Unlike training data validation can still be performed via loading data into memory, and will help improve training time. Also, as we are not doing any augmentation in the validation data we can save some time by defining another data generator just for validation purpose.

In [4]:
from keras.applications.mobilenet_v2 import preprocess_input

valData = pd.read_csv('validation.csv')

val_coords = np.zeros((len(valData),4))
val_images = np.zeros((len(valData), IMAGE_SIZE, IMAGE_SIZE, 3), dtype=np.float32)

for index, row in valData.iterrows():
    path = os.path.join(DATA_DIR, row['image_name'])
    x1 = row['x1']
    x2 = row['x2']
    y1 = row['y1']
    y2 = row['y2']

    img = Image.open(path)
    width, height = img.size

    val_coords[index, 0] = x1*IMAGE_SIZE / width
    val_coords[index, 1] = y1*IMAGE_SIZE / height
    val_coords[index, 2] = (x2 - x1)* IMAGE_SIZE / width
    val_coords[index, 3] = (y2 - y1)*IMAGE_SIZE / height 
    
    img = img.resize((IMAGE_SIZE, IMAGE_SIZE))
    img = img.convert('RGB')
    pil_img = img
    img = np.array(img, dtype=np.float32)
    val_images[index] = preprocess_input(img.copy())
    pil_img.close()

class ValDataGenerator(Sequence):
    def __init__(self, val_images, val_coords, batch_size = BATCH_SIZE):
        self.images = val_images
        self.coords = val_coords
        self.batch_size = batch_size
        
    def __len__(self):
        return math.ceil(len(self.coords) / self.batch_size)
    
    def __getitem__(self, idx):
        batch_coords = self.coords[idx * self.batch_size:(idx + 1) * self.batch_size].copy()
        batch_images = self.images[idx * self.batch_size:(idx + 1) * self.batch_size]
        return batch_images, batch_coords

Let's go ahead and define our model, having base model as MobileNetV2.

In [5]:
from keras.applications.mobilenet_v2 import MobileNetV2

def mobilenet_model(trainable=True):
    model = MobileNetV2(input_shape=(IMAGE_SIZE, IMAGE_SIZE, 3), include_top=False, alpha=ALPHA, weights=None)

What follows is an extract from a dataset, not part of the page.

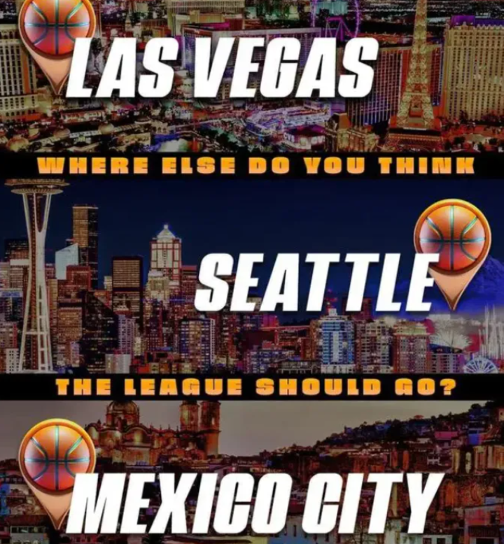 墨西哥城已经有一支NBA发展联盟球队,叫“墨西哥城队长”。西雅图和拉斯维加斯的呼声都很高。除了西雅图超音速队可能“复活”,拉斯维加斯大概率要有一支球队,那里很受NBA的欢迎。

    for layer in model.layers:
        layer.trainable = trainable

    x = model.layers[-1].output
    x = Conv2D(256, kernel_size=3, name="mn1", activation='relu')(x)
    x = Conv2D(4, kernel_size=5, name="mn2", activation='relu')(x)
    x = Reshape((4,))(x)

    return Model(inputs=model.input, outputs=x)

**Note: We have set `weights=None` because of the competition requirements of "no transfer learning" on the discussion board, but setting `weights='imagenet'` improves the prediction as well as the training time.**


Currently, weights are initialized randomly and thus takes a lot more time to train than starting off with imagenet weights.

In [6]:
mnv2 = mobilenet_model()
mnv2.summary()

__________________________________________________________________________________________________
Layer (type)                    Output Shape         Param #     Connected to                     
input_1 (InputLayer)            (None, 224, 224, 3)  0                                            
__________________________________________________________________________________________________
Conv1_pad (ZeroPadding2D)       (None, 225, 225, 3)  0           input_1[0][0]                    
__________________________________________________________________________________________________
Conv1 (Conv2D)                  (None, 112, 112, 24) 648         Conv1_pad[0][0]                  
__________________________________________________________________________________________________
bn_Conv1 (BatchNormalization)   (None, 112, 112, 24) 96          Conv1[0][0]                      
__________________________________________________________________________________________________
Conv1_relu

Now that we have defined the model, let's compile it and intialize other variables for training including checkpoint, early stopping and scheduling learning rate.

In [7]:
mnv2.compile(loss="mean_absolute_error", optimizer="adam", metrics=['accuracy',IOU])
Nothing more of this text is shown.